Presley then had to run for sheriff again in 1995. According to Brandon Presley, at one event during the election, after the candidates were asked to speak in alphabetical order, his uncle Harold Ray got up and said, "If someone is beating on your door at 2 a.m. and you call the sheriff, which one of us (candidates) do you want to show up?" He was reelected with 66 percent of the vote.

In 1999, Presley was reelected once again with 80 percent of the vote. He remained sheriff of Lee County until his death in 2001.

=== Drug busts ===
Presley enjoyed personifying the tough Southern sheriff and was physically imposing, standing 6-feet 3-inches tall and weighing 285 pounds, with a six-shooter strapped to his hip. In 1995, The Atlanta Journal described him as having "made his mark in Elvis' birthplace as a drug-busting dynamo who patrols in a red Chevy pickup and leads the charge on drug raids, often using his massive frame as a battering ram on doors".

When Presley was selected for the Buford Pusser Law Enforcement Officer of the Year Award in 1995, the Buford Pusser Home and Museum noted that "[Presley's] department of 13 deputies, three criminal investigators, and two narcotics agents have made a big difference in the crime rate in Lee County", having confiscated $1 million in drugs including marijuana and 41 vehicles, and having recovered $300,000 in stolen merchandise. Named after the bat-wielding sheriff of McNairy County, Tennessee, who inspired the 1973 film Walking Tall, the award was given annually for outstanding service in the line of duty; nominations were accepted from Tennessee, Alabama, and Mississippi. Presley traveled to Adamsville, Tennessee, for the ceremony on May 27, 1995, and was presented with a baseball bat bearing Buford Pusser's name in front of hundreds of people. Upon accepting the award, Presley stated that if Pusser was alive, he probably would have joined the war against illegal narcotics.

=== Programs ===
During his tenure as sheriff, Presley introduced numerous programs. He started a Drug Abuse Resistance Education (D.A.R.E.) program in Lee County, sending specially trained deputies to local schools to educate children about the harmful effects of illegal drug use and how to "say no" when encountering peer pressure. The program started in municipalities including Baldwyn, Guntown, Mooreville, Plantersville, Saltillo, and Shannon, as well as the city of Tupelo.

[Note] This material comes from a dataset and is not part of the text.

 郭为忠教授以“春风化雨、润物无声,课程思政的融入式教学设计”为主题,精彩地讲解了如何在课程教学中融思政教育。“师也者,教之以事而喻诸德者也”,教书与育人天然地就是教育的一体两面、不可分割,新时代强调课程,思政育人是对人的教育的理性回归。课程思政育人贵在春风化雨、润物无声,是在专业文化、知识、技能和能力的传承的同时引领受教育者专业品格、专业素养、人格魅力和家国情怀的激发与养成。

It was expanded county-wide after Presley won the support of the Lee County Board of Supervisors to petition the Tennessee state legislature to increase fines levied by the courts to fund D.A.R.E. The bill requested by Presley was signed into law by Governor Kirk Fordice on February 29, 1996. As a result, justice, circuit and county courts increased fines for driving under the influence (DUI), violation of the Controlled Substances Act, and the illegal sale of alcohol to minors by $50, and increased fines for misdemeanors by $5.

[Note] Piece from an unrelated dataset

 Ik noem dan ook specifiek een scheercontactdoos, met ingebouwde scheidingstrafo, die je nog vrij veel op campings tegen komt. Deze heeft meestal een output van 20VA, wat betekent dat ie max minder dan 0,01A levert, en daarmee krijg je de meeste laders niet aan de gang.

Presley also won the "Best of the Best Officers" for five years. After earning his own GED, he provided GED classes for training and testing inmates; he also started a work-center program for the inmates in his jail.

== Personal life ==
Presley was married, and had two sons and a daughter. He helped to look after his nephew Brandon Presley after his father was murdered, taking him riding in his patrol car in the late 1980s. Brandon later ran Presley's first campaign for sheriff.

On the same day that he received the Pusser Award in Adamsville, Tennessee, his son Patrick was arrested for attempted aggravated assault and was later charged with drug possession.

== Death ==
Presley died in the early morning hours of July 6, 2001, in a shootout with kidnapping suspect Billy Ray Stone (who kidnapped and killed Charlene Wright). The suspect had fled the scene of a roadblock and exchanged shots with pursuing officers. He managed to elude officers during a foot chase after crashing his vehicle. Later in the evening, Sheriff Presley received a call from Fellowship Road homeowner Robert Norris whose dogs were barking. Sheriff Presley, Deputy Jack Tate, and Norris entered a building behind the house where, during a gun battle, Presley pushed Deputy Tate clear of gunfire and was struck six times, mortally injured. He fired back at Stone, killing him with one shot. Wright died the following day from injuries she sustained after being ejected from her kidnapper's vehicle during the initial chase.

== Legacy ==
In November of 2001, a special election was held to elect a sheriff to serve the remainder of Presley's term. His brother, retired law enforcement officer Larry Presley, was elected to serve his term.

The State D.A.R.E. Officers' Association in Mississippi named its Officer of the Year Award in Harold Ray Presley's memory.

The Harold Ray Presley Memorial Committee raised funds to build an 8-foot tall, 11-foot wide memorial to honor Presley and five other law enforcement officers killed in the line of duty. The 7,766-pound memorial near the Lee County jail was dedicated in August 2002. It vanished under mysterious circumstances in January 2008, prompting Larry Presley to request a formal investigation into its disappearance.